Items from a dataset
□ □ □ □
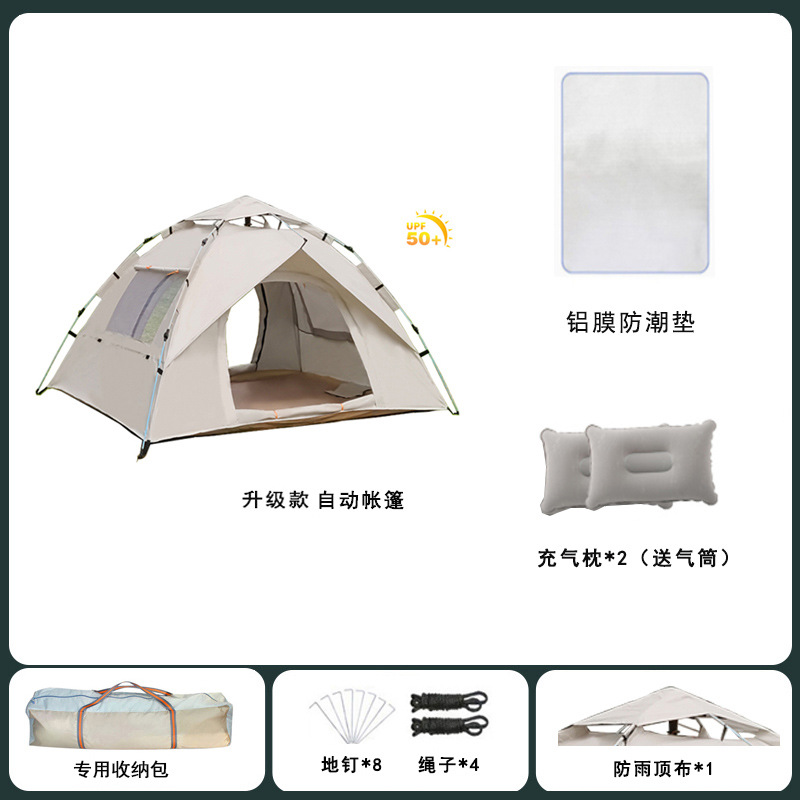 Две двери и два окна модернизированная палатка кремово-белая + Влагостойкая подушка + надувная подушка
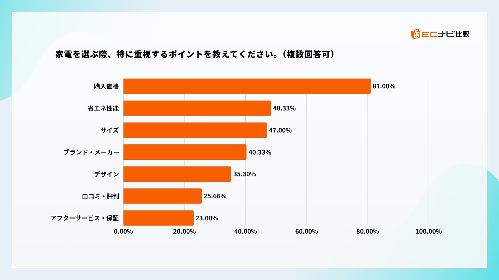 ・家電選びでは、8割以上の人が購入価格を最も重視しており、経済性が圧倒的な判断基準となっている。一方で、省エネ性能やサイズも重要な要素として挙げられている。
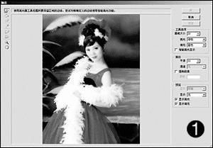 如果在前面的操作中选取的高光部分过多,就会造成人物上想保留的一些部分也被删除。即使前面没有复制图像也有办法进行补救,激活橡皮工具后按下Alt键,使用历史记录橡皮就可以对人物或背景的一部分进行恢复。
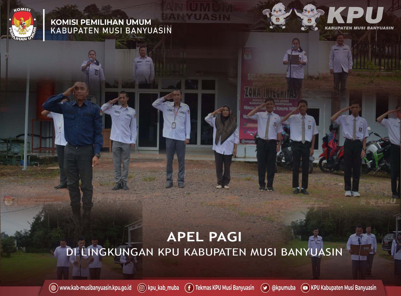 Pelaksanaan Apel rutin di halaman Kantor KPU Kabupaten Musi Banyuasin pada pukul 08.00 WIB dimulai dengan mendengarkan lagu Indonesia Raya, pembacaan UUD 1945, pembacaan Naskah Pancasila serta pembacaan Panca Prasetya KORPRI ditutup dengan Pembacaan Doa.
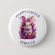 Vi presenterar vår färglösa pastellutformning med kanin Påskhare. Förbered säsongens glädje med en lekfull bunny med en lavendel till hans päls, omgiven av en spricka av färg-lush-lila, nyp och nyck av vattenfärgblommor av orange. Det här är perfekten som gör att du kan lägga till en festlig och visuell beröring till Påsk. All text kan redigeras. Anpassa designen verktyg från produktsidan eller användan om du vill ändra teckensnittet stilar eller färg. Den här knappnålen i Påsk har en söt bunny och Glad påsk med ditt namn. Redigera, lämna som det är eller ta bort helt.
□ □ □ □
◆ **YOUR ASSIGNMENT**
What is needed is a word-for-word copy of the lines from the start of the data to the line with "Pelaksanaan Apel rutin", inclusive, with no pictures in it.

◆ **EXERCISE RESPONSE**
 Две двери и два окна модернизированная палатка кремово-белая + Влагостойкая подушка + надувная подушка
 ・家電選びでは、8割以上の人が購入価格を最も重視しており、経済性が圧倒的な判断基準となっている。一方で、省エネ性能やサイズも重要な要素として挙げられている。
 如果在前面的操作中选取的高光部分过多,就会造成人物上想保留的一些部分也被删除。即使前面没有复制图像也有办法进行补救,激活橡皮工具后按下Alt键,使用历史记录橡皮就可以对人物或背景的一部分进行恢复。
 Pelaksanaan Apel rutin di halaman Kantor KPU Kabupaten Musi Banyuasin pada pukul 08.00 WIB dimulai dengan mendengarkan lagu Indonesia Raya, pembacaan UUD 1945, pembacaan Naskah Pancasila serta pembacaan Panca Prasetya KORPRI ditutup dengan Pembacaan Doa.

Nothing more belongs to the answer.